Life expectancy depends on several factors, the most important being gender and birth year. Generally, females have a slightly higher life expectancy than males due to biological differences. Other factors that influence life expectancy include:

  • Race and Ethnicity
  • Family Medical History
  • Risky Lifestyle choices

However, that’s hardly the entire list! As we work our way through the data analysis, we will explore additional hidden factors that influence the life expectancy of an individual.

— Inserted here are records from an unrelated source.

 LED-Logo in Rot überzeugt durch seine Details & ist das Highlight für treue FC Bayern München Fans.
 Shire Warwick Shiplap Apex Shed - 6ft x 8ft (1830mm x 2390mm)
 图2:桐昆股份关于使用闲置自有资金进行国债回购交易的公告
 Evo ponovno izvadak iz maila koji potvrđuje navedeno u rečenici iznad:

Data Analysis for WHO dataset

We use the Life Expectancy (WHO) Kaggle dataset for this demonstration.

Let’s start by loading the data.

import pandas as pd
life_exp = pd.read_csv('Life Expectancy Data.csv')
life_exp.head()

WHO dataset columns for predicting life expectancy

Distribution of Life Expectancy

Most of the lifespan lies between 45 to 90 years, with an average lifespan of 69 years.

sns.histplot(life_exp['Life expectancy'].dropna(), kde=True, color='orange')

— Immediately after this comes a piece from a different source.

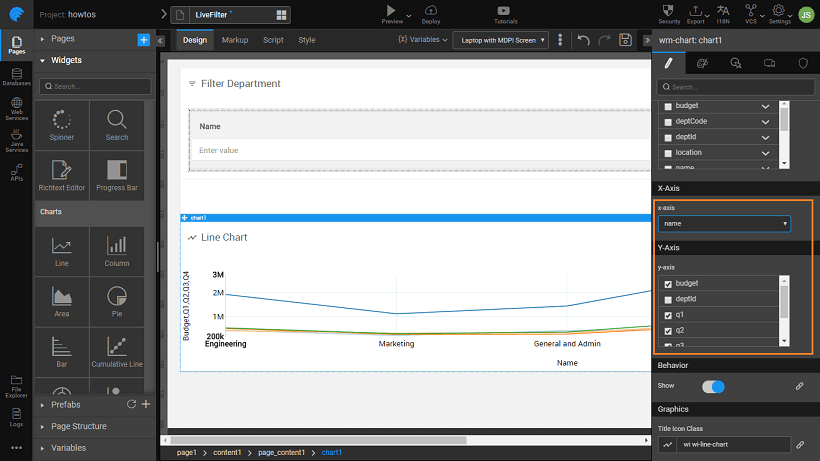 5. Select the x-axis and y-axis values for the chart. (in case of Data Table, select the columns to be displayed at the time of configuration or from Advanced Settings)

Life expectancy distribution with respect to age in the WHO dataset

Correlation Heatmap

A correlation heat map is a graphical representation of a correlation matrix representing the correlation between different variables. This helps in understanding the linear dependencies of variables over each other. Correlation is always calculated between two variables and has a range of [-1, 1].

  • A correlation value close to zero means the two variables are unrelated
  • An absolute correlation value close to 1 means the two variables are perfectly related.

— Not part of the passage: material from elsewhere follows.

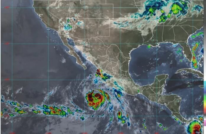 Trae rachas de viento de 70 a 80 kilómetros por hora (km/h) y oleaje de 2 a 4 metros (m) de altura en las costas de Colima, Jalisco y Michoacán, y rachas de 50 a 60 km/h y oleaje de 1 a 2 m de altura en el litoral de Guerrero.

Let’s implement the heat map in python for dependency visualization:

cmap = sns.diverging_palette(500, 10, as_cmap=True)
sns.heatmap(life_exp.corr(), cmap=cmap, center=0, annot=False, square=True);

Correlation heatmap plot using seaborn library on WHO dataset

Life expectancy considerably correlates with Adult Mortality, BMI, Schooling, HIV/AIDS, ICOR, and GDP. The following insights can be drawn based on the correlation heatmap:

  • Life expectancy and Adult Mortality rates have a high negative correlation, which is also anticipated.
  • BMI has a positive correlation with Life expectancy.
  • GDP also has a positive correlation with Life expectancy, which can be inferred that as the country’s GDP increases, life expectancy also increases.
  • Not surprisingly, Schooling years have a high positive correlation with Life expectancy. Proper schooling leads to the adoption of healthy habits and discipline.

What is adult mortality?

The adult mortality rate is shown in the probability that those who have reached age 15 will die before age 60 (shown per 1,000 persons).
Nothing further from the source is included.